The City Council of Oxford in Alabama voted to pass a new law that requires people to use public bathroom aligned with their birth sex.

The new rule also covers changing rooms, apart from restrooms, within the police jurisdiction of the city of Oxford.

Police Chief Bill Partridge told Al.com that if anyone reports an uncomfortable situation at public restrooms, police would come to witness any crime. If the alleged offender is still there by the time police arrives, that person may be charged with $500 fine or up to six months in prison, a punishment which is similar as in public indecency cases.

"If somebody sees something that makes them uncomfortable, they would call the police," he said. "If the person is still there when the officer arrives, the officer has to witness the crime. Then we take down the person's information, and the person who reported it has to sign out a warrant."

Council President Steven Waits said that the new law was not meant to target transgender people, but to protect women and children.

He read from a prepared statement, saying that the law was "not out of concerns for the 0.3 percent of the population who identify as transgender," but "to protect our women and children."

The ordinance said that people using public bathrooms "do not reasonably expect to be exposed to individuals of the opposite sex while utilizing those facilities."

"The council further asserts that single sex public facilities are places of increased vulnerability and present the potential for crimes against individuals utilizing those facilities which may include, but not limited to, voyeurism, exhibitionism, molestation and assault and battery," it continued.

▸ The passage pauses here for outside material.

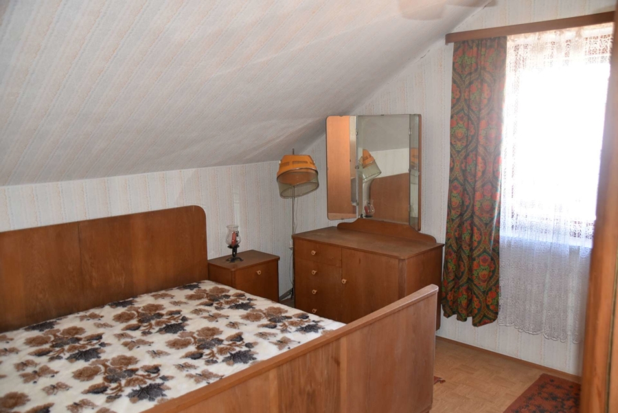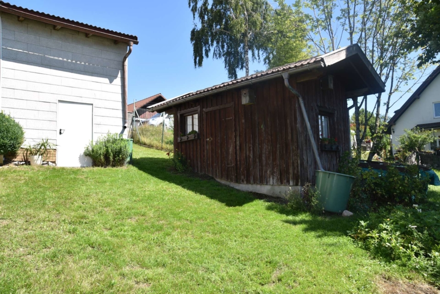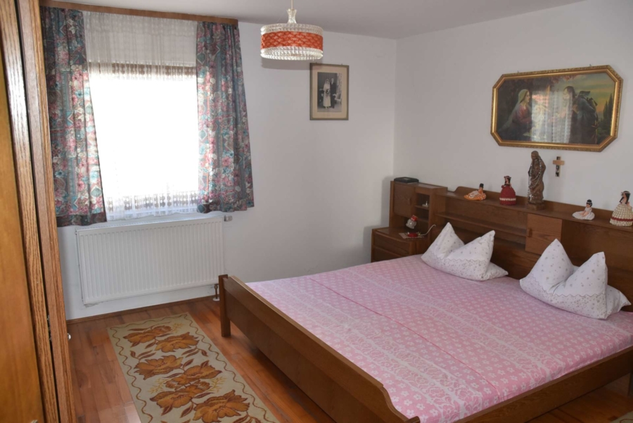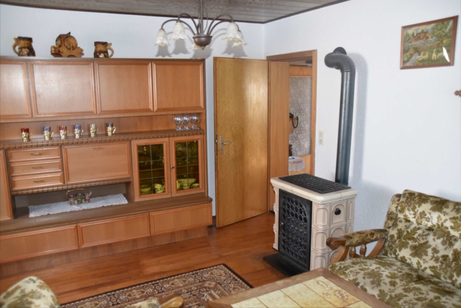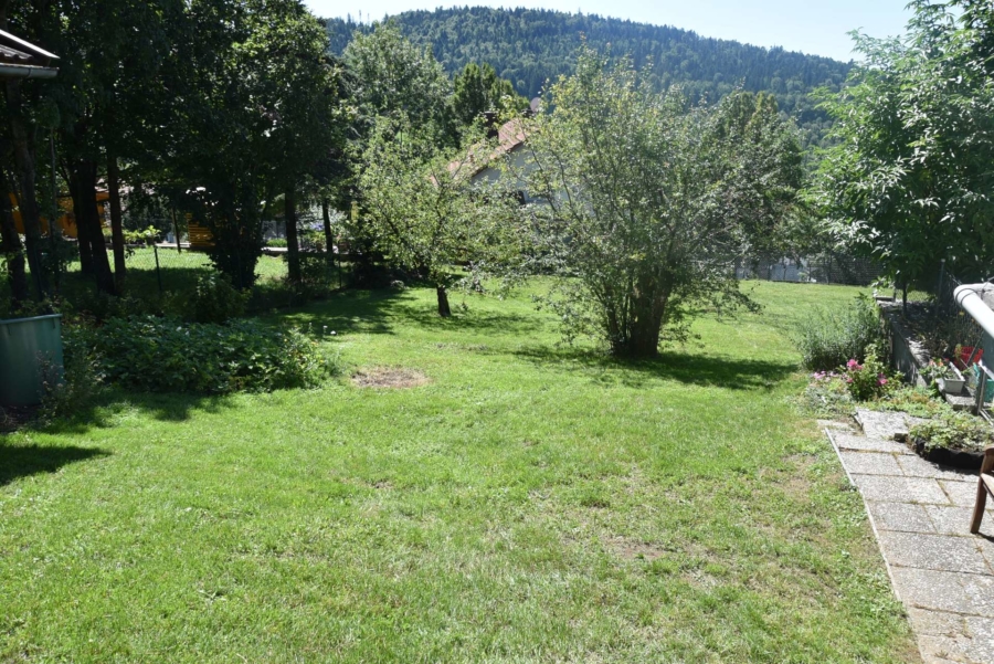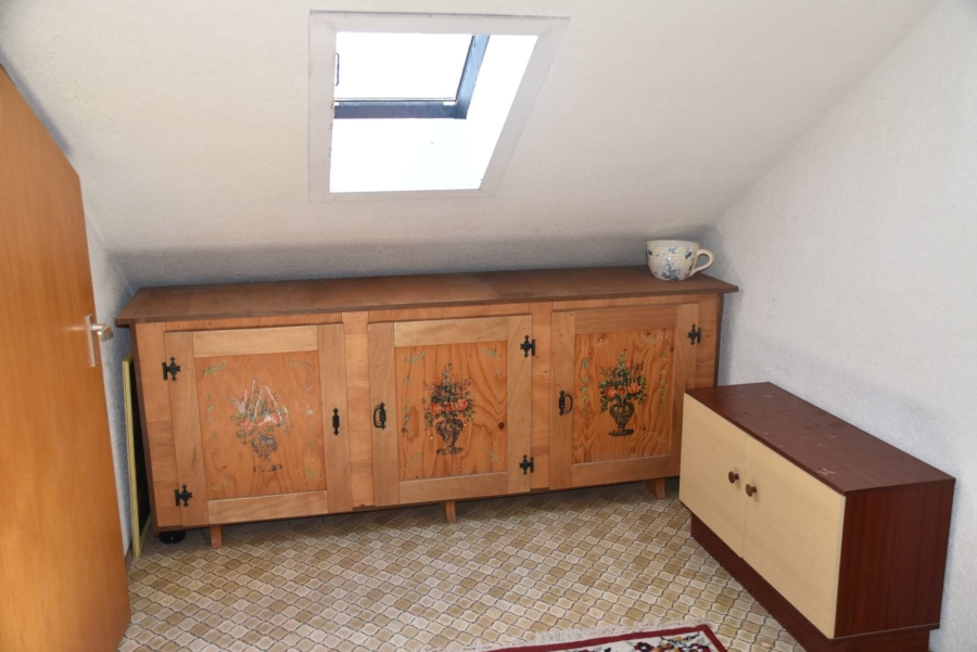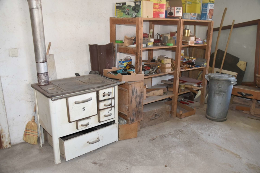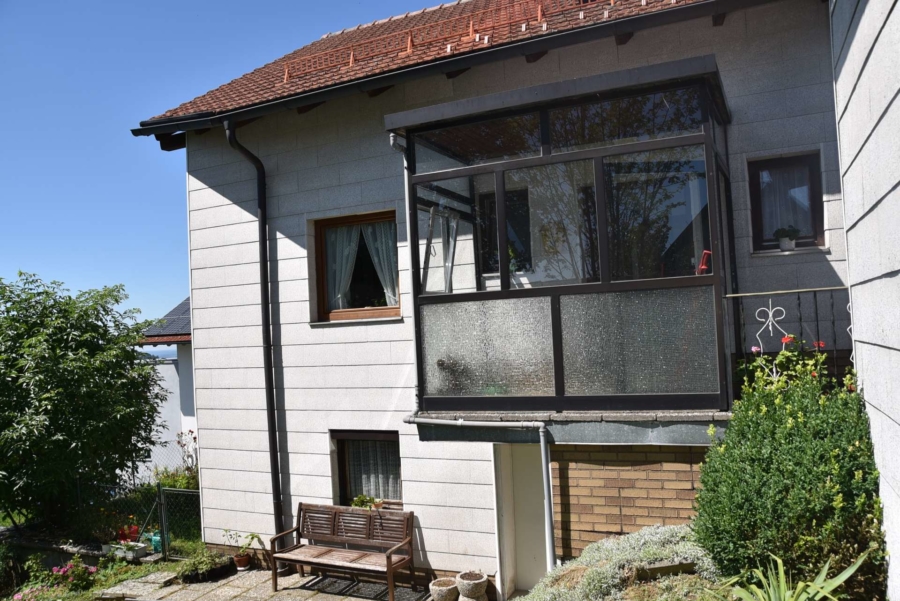 Im Obergeschoss befinden sich noch drei weitere Schlafzimmer und ein Badezimmer. Im Schafzimmer und Wohnzimmer des Erdgeschosses befindet sich ein schöner Holzparkettboden. Die Bäder des Hauses sind funktional und gepflegt im 70-iger Jahrestil gehalten. Die Zwischendecken sind betoniert was den soliden Zustand des Gebäudes unterstreicht. Im Jahr 2018 wurde die Öl-Zentral-Heizung mit allen Heizkörpern erstmals eingebaut. Zwei Heizöltanks mit je 3000 Liter Heizöl wurden ebenfalls eingebaut. Es stehen noch zusätzlich einzelne Holz-Einzelöfen im Gebäude zur Verfügung. Der Holzkochofen in der Küche wurde erst 2009 angeschafft. Das Dach des Hauses wurde 2010 neu eingeschalt und die Dachziegel wurden erneuert. Besonders erwähnertswert ist der schöne Ausblick aus allen Zimmer in Richtung Süd-Westen. Direkt vor dem Haus befindet sich ein großes Gemüsebeet welches sich problemlos zu einer großen Sonnenterrasse umgestalten lassen würde. Platz für Gemüsebeete wären auf dem über 861 m² großen Grundstück zu genüge vorhanden. Der Garten ist leicht hangig und wurde mit verschiedenen Obstbäumen bepflanzt. Ein geräumiges Gartenhaus finden sich ebenfalls vor. Neben dem Haus ist eine Einzelgarage in dessen Untergeschoss sich ein kleiner Geräteraum befindet. Der Zugang zum Haus wurde nachträglich mit einer Glasüberdachung versehen. Die kompletten Außenwände des Hauses wurden von allen vier Seiten mit einer Wetterschutzfassade verkleidet. Das Haus befindet sich aufgrund des Alters in einem gepflegtem aber renovierungsbedürftigem Zustand.

The law does not mention the word "transgender," but comes soon after Target changed its policy to eliminate gender lines in bathrooms, which the council said threatened the safety of women and children.

However, LGBT rights groups say that the law is discriminatory, and even went beyond the North Carolina bathroom ordinance which is applicable only in government premises.

"With the passage of HB2, North Carolina became the first state to enact this type of legislation and is currently facing a federal court challenge and fierce backlash. Oxford's ordinance is unprecedented in that it enumerates criminal penalties, including the potential for jail time, for violations. It also applies to bathrooms and locker rooms citywide, including in private businesses, which goes further than the similar provision in North Carolina's law which applies to government buildings," said Ianthe Metzger of Human Rights Campaign.

A petition to oppose Target's decision to open the bathrooms to either sexes has received over one million signatures, which says that the policy "means a man can simply say he 'feels like a woman today' and enter the women's restroom... even if young girls or women are already in there... Target's policy is exactly how sexual predators get access to their victims. And with Target publicly boasting that men can enter women's bathrooms, where do you think predators are going to go?"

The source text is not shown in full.